Coverage Prediction for Accelerating Compiler Testing

Junjie Chen,Guancheng Wang,Dan Hao,Yingfei Xiong,Hongyu Zhang,Lu Zhang,Bing Xie,Junjie Chen,Guancheng Wang,Dan Hao,Yingfei Xiong,Hongyu Zhang,Lu Zhang,Bing Xie
DOI: https://doi.org/10.1109/tse.2018.2889771
IF: 7.4
2021-02-01
IEEE Transactions on Software Engineering
Abstract:Compilers are one of the most fundamental software systems. Compiler testing is important for assuring the quality of compilers. Due to the crucial role of compilers, they have to be well tested. Therefore, automated compiler testing techniques (those based on randomly generated programs) tend to run a large number of test programs (which are test inputs of compilers). The cost for compilation and execution for these test programs is significant. These techniques can take a long period of testing time to detect a relatively small number of compiler bugs. That may cause many practical problems, e.g., bringing a lot of costs including time costs and financial costs, and delaying the development/release cycle. Recently, some approaches have been proposed to accelerate compiler testing by executing test programs that are more likely to trigger compiler bugs earlier according to some criteria. However, these approaches ignore an important aspect in compiler testing: different test programs may have similar test capabilities (i.e., testing similar functionalities of a compiler, even detecting the same compiler bug), which may largely discount their acceleration effectiveness if the test programs with similar test capabilities are executed all the time. Test coverage is a proper approximation to help distinguish them, but collecting coverage dynamically is infeasible in compiler testing since most test programs are generated on the fly by automatic test-generation tools like Csmith. In this paper, we propose the first method to predict test coverage statically for compilers, and then propose to prioritize test programs by clustering them according to the predicted coverage information. The novel approach to accelerating compiler testing through coverage prediction is called COP (short for COverage Prediction). Our evaluation on GCC and LLVM demonstrates that COP significantly accelerates compiler testing, achieving an average of 51.01 percent speedup in test execution time on an existing dataset including three old release versions of the compilers and achieving an average of 68.74 percent speedup on a new dataset including 12 latest release versions.

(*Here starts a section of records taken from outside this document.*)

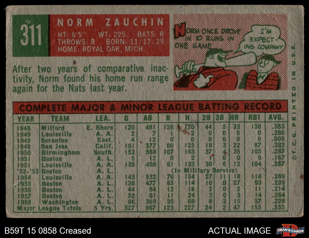 1959 Topps #311 Norm Zauchin 2 - GOOD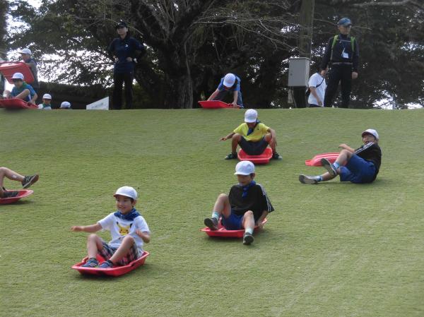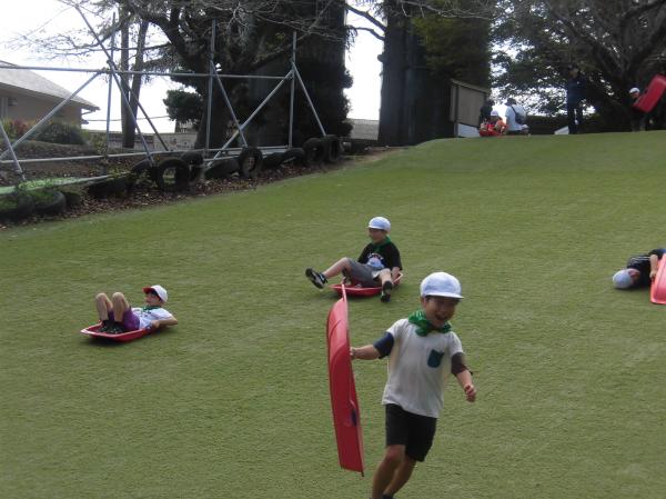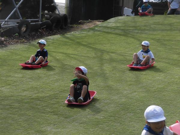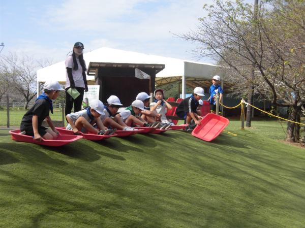さわやかな秋晴れのもと、1・2年生は「成田ゆめ牧場」へ校外学習に行ってきました。 朝イチ、早速みんなで芝滑りを楽しみました。ほぼ貸し切り状態で、思う存分できました。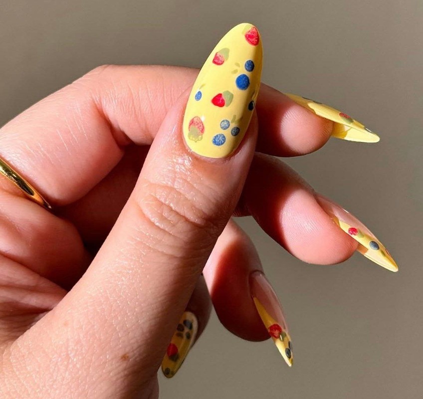 Не знаете, какие ягоды и фрукты выбрать для дизайна маникюра? Можно замиксовать их вместе! Например, сделав угловые рисунки на каждом ногте.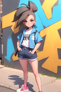 best quality,masterpiece,illustration,earrings,,hand in pocket,Denim shorts,an extremely delicate and beautiful,extremely detailed,CG,unity,8k,wallpaper,Amazing,finely detail,1 girl, solo, street, graffiti, white short sleeved, denim jacket, denim shorts, sneakers, spray painting,graffiti on the wall, hip-hop, street culture, jtc

Moreover, COP outperforms the state-of-the-art acceleration approach significantly by improving $17.16\%\sim 82.51\%$17.16%∼82.51% speedups in different settings on average.

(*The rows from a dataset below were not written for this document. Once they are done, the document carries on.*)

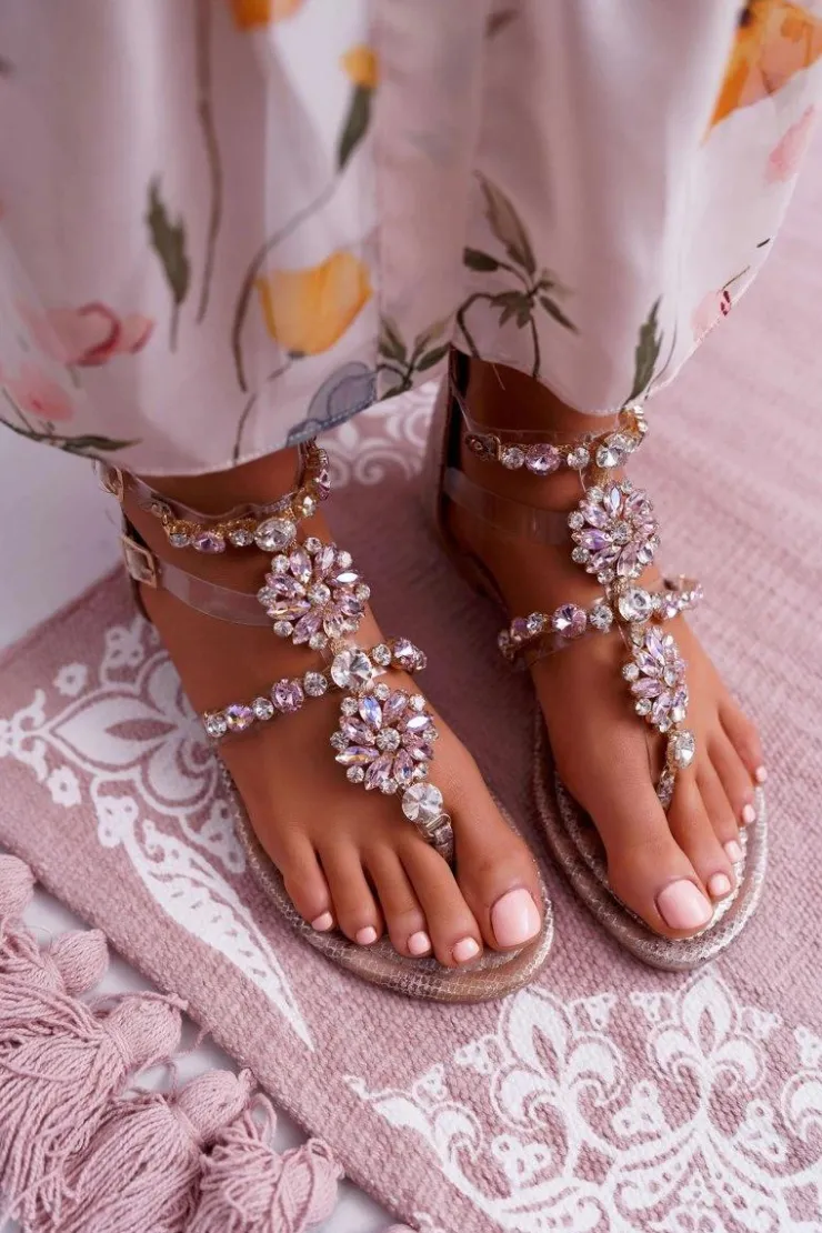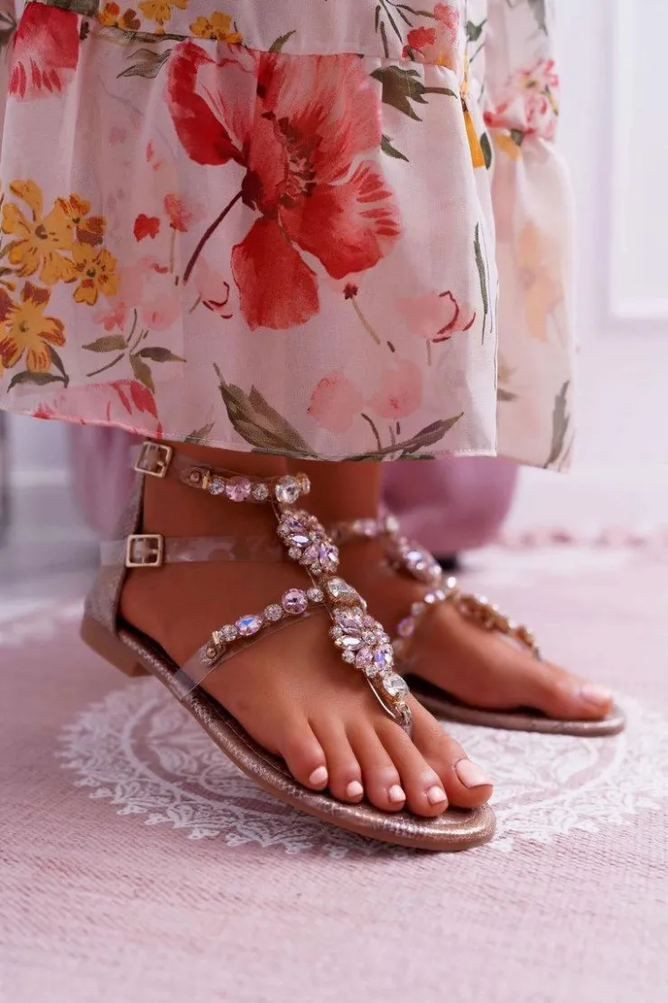 Boto Sandały Płaskie*Sandały Damskie Płaskie Z Cyrkoniami Champagne Karra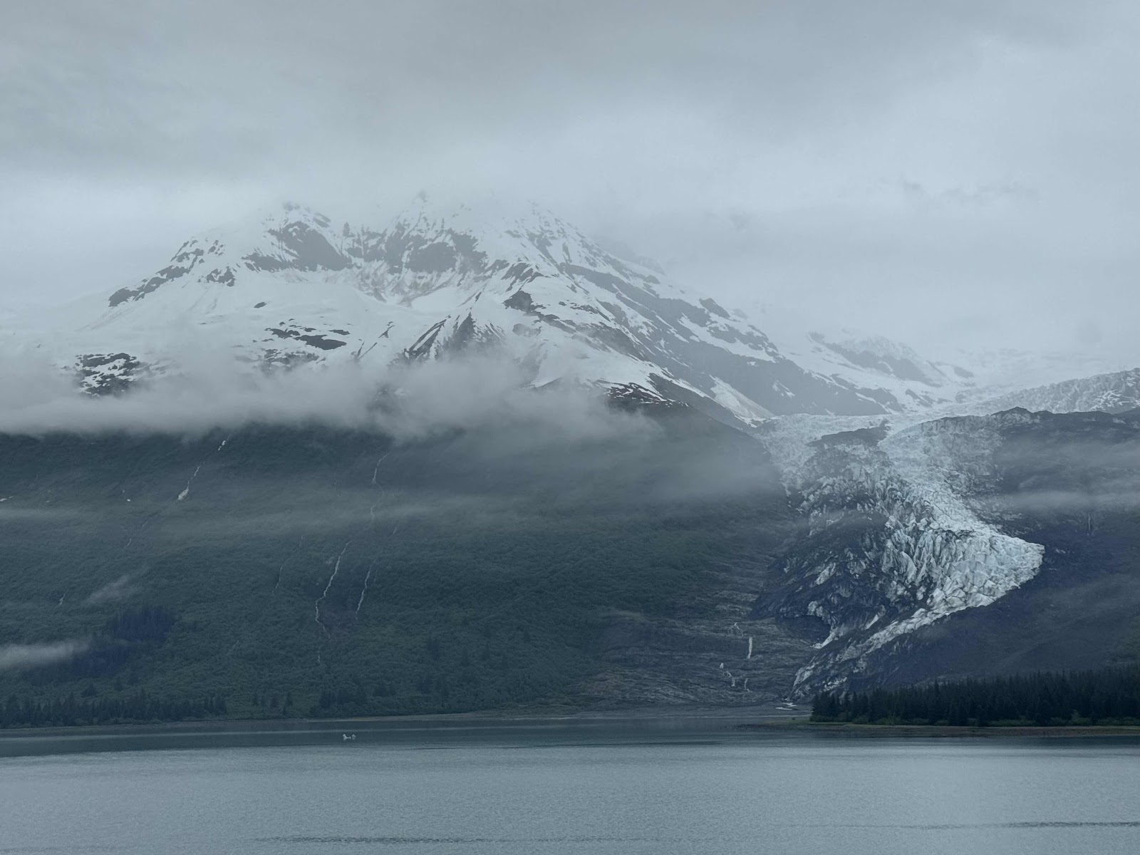 I wore everything I brought with me (including waterproof gloves) and camped on the Terrace Deck for hours in the cold drizzle while we cruised College Fiord. It was just so beautiful and moody with the clouds hanging low over the mountains. Somehow, there was still enough light to see some beautiful reflections on the water. I’ve seen College Fiord in all kinds of weather and from cruise ships and the much smaller 26-Glacier boat tour from Whittier and I’ve loved every experience.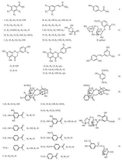 The benzoic acids (benzoic acid, p-hydroxybenzoic acid, phthalic acid, vanillic acid and gallic acid) were quantified with benzoic acid; cinnamic acids (cinnamic acid, caffeic acid, ferulic acid, sinapic acid and chlorogenic acid) were quantified with cinnamic acid; p-hydroxyphenylacetic acid was quantified absolutely with the corresponding standard; all the flavonoids, including naringenin, eriodictyol, vitexin, orientin and rutin, were quantified with naringenin; paeoniflorin was used to quantify all the Paeonia glycosides; paeonol and oxyresveratrol were quantified absolutely with the corresponding standards. This quantitative strategy is generally done in the literature, due to the unavailability of phenolic standards in most of the cases. Table 4 shows the individual compositions and Figure 3 shows the total contents of phenolic compounds of different classes, highlighting that the main classes were phenolic acids and Paeonia glycosides.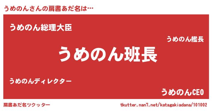 | 意味不明あだ名 | 『とにかく怪しいうめのん』 |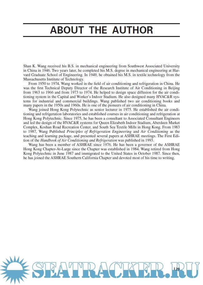 Shan K. Wang received his B.S. in mechanical engineering from Southwest Associated University in China in 1946. Two years later, he completed his M.S. degree in mechanical engineering at Harvard Graduate School of Engineering. In 1949, he obtained his M.S. in textile technology from the Massachusetts Institute of Technology. From 1950 to 1974, Wang worked in the field of air conditioning and refrigeration in China. He was the first Technical Deputy Director of the Research Institute of Air Conditioning in Beijing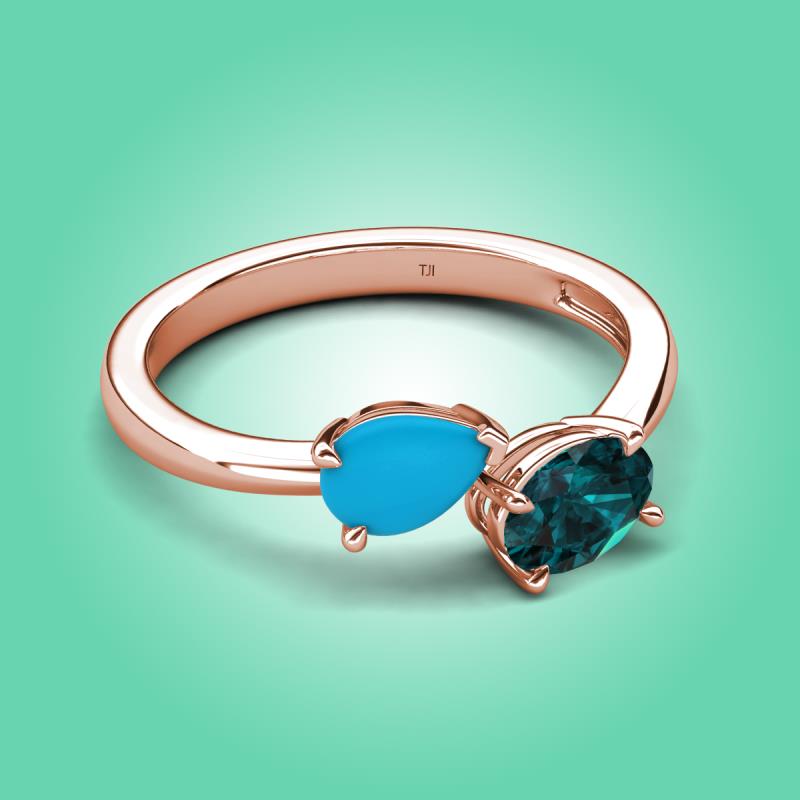 1.90 ctw Blue Sapphire Pear Shape 7x5 mm & London Blue Topaz Oval Shape 7x5 mm with Prong setting Two Stone Duo Women Engagement Ring in 18K Rose Gold More Details ...

engineering, electrical & electronic,computer science, software engineering
What problem does this paper attempt to address?
The problem that this paper attempts to solve is how to accelerate the compiler testing process by predicting test coverage in compiler testing. Specifically, compiler testing is an important means to ensure the quality of compilers. However, traditional automated compiler testing techniques (methods based on randomly generated programs) require running a large number of test programs, which is not only time - consuming but also costly, including time and financial costs, and may delay the development / release cycle. Although existing methods have attempted to accelerate testing by preferentially executing test programs that are more likely to trigger compiler errors, these methods have ignored an important aspect that different test programs may have similar testing capabilities, that is, testing similar functions of the compiler, or even detecting the same compiler errors, which may greatly reduce the acceleration effect. To solve this problem, the paper proposes a new method - COP (COverage Prediction), which is the first static test coverage prediction method for compilers. COP predicts the coverage of each new test program on compiler modules (such as source files or methods), and clusters the test programs according to the predicted coverage information to distinguish test programs with different testing capabilities, thereby accelerating compiler testing. In addition, COP also uses the LET (Learning - based Execution Time prediction and Test program prioritization) method to predict the probability of triggering errors per unit time for each test program and selects test programs preferentially accordingly. The main contributions of the paper are as follows: 1. **Feature identification**: Three types of features (language features, operation features, and structural features) are defined, which can represent the coverage information of test programs. 2. **Coverage prediction**: A static coverage prediction method based on historical coverage information and test program features is proposed. 3. **Applying predicted coverage to accelerate compiler testing**: The COP method is proposed to accelerate compiler testing by predicting coverage information. The experimental results show that COP is significantly superior to the existing state - of - the - art method LET in accelerating compiler testing. The average test execution time is accelerated by 51.01% to 68.74%, and the speed improvements in different settings are 17.16% and 248.51% respectively.